A 1μF filter cap should be used between the 5V and GND.

Wire the MAX232 as specified in the data sheet, specifically: MAX232 13 → RS232 RX MAX232 14 → RS232 TX

The firmware for the board is available in the brakedist repo. The firmware outputs/receives debug messages via Serial0, RS232 via Serial1 and JSON sensor readings via Serial2. The communication with the Android device is all done through Serial2, therefore when the sensor board is deployed on a vehicle, it is only necessary to connect the FTDI device via USB. The Arduino built in USB device need only be connected to flash the device or debug the sensor board.

The firmware requires the following libraries: i2Cmaster ( DHTlib aJson


The sensor board is housed in a Pelican Box which is bolted onto the side of the LiDAR mount. This makes for the shortest wire routing possible. The Pelican box is drilled with the same hole pattern template use for the LiDAR mount. The sensors are attached to a sensor mount that is magnetically held in the wheel well. The CAD files for the mount can be found in the brakedist repo and can easily be printed on a hobbyist 3D printer. To assemble the sensor module, simply glue the humidity sensor to the exterior of the housing, glue the infrared temperature sensor into its hole and glue two or more appropriately sized magnets into their cavities (there are four magnet cavities, but in practice two magnets sufficed). It is recommended for ease of assembly and disassembly that all connections to the board be made with pluggable connectors.

Sensor Module

The Android software for the project takes in sensor readings from the sensor module and the LiDAR unit and with the addition of real-time OpenXC data, computes the safe following distance. Should a driver follow too closely, the Android software alerts them by manipulating the display of the Retro Gauge.
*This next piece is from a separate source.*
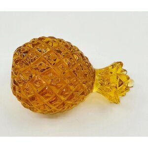 Amber Glass Pineapple Figurine Paperweight 4.5" Decorative Ornament Vintage Styl

The Android software consists of five major components:

Main Activity The main activity is responsible for controlling the app lifecycle and also for controlling the user interface. Additionally, the main activity instantiates all the other classes and has ultimate control over program execution.
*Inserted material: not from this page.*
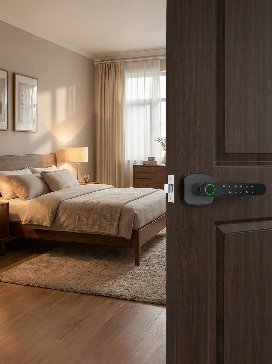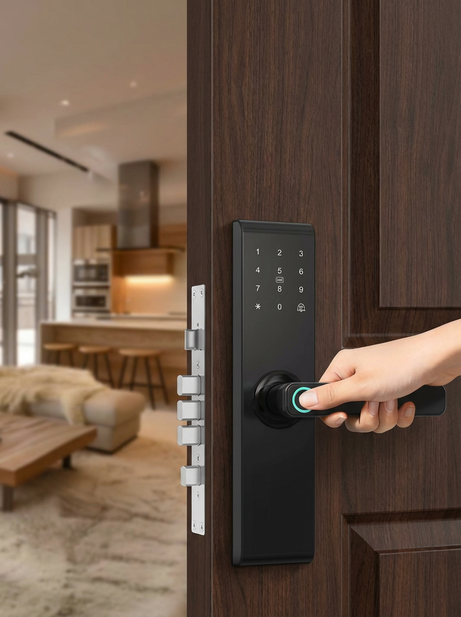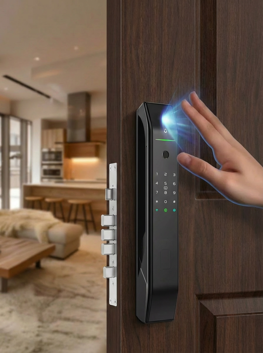 Premium smart doors and locks featuring Face ID, fingerprint recognition, and app control. Fireproof, soundproof, and designed for the modern home.

Compute Distance Compute Distance is the core class for the brake distance tracking project. Compute distance stores the states of all the sensors and runs in its own thread, continuously updating the sensor values and computing the brake distance based on these values.

Data Logger The data logger is a class that keeps a record of all the state of the compute distance variables. It stores these values as JSON strings with a timestamp appended. These logs can then be used to improve the algorithms used to detect traction and compute braking distance. The data logger class was written to be flexible and can therefore be used with other projects in need os a simple data logger.

Serial Link The serial link class abstracts away the low level communications with the sensor module, Retro Gauge and LiDAR. There are two instances of Serial Link which are members of the Compute Distance instance. Each serial link is implemented in its own thread and constantly checks for new data and writes outgoing data. The serial link class makes use of streams to both make writing to the file system more seamless and also to handle message buffering.

JSON Transcoder The JSON transcoder class consists of a number of static methods and variables used to convert to and from Java objects used in the compute distance class and JSON strings. This class is based on a streaming JSON parser and therefore could be expanded to parse very long JSON messages and process the data as it is read.

The Android software makes use of the following libraries: OpenXC Jackson JSON FTDriver

Gauge Mount

The user interface for this project is based on the Retro Gauge OpenXC project by Dave Evans. The gauge is modified with a different gauge face and also lacks the numerical readeout of Dave’s original design. As part of this project a modular gauge mount was also designed. This mount pairs with Chad Bean’s modular docking project and allows for a seamless integration into a vehicle with a modular dock already installed. The mount is 3D printed and has two halves that bolt together. The CATPart files and stl files for the gauge mount can be found int the brakedist repo.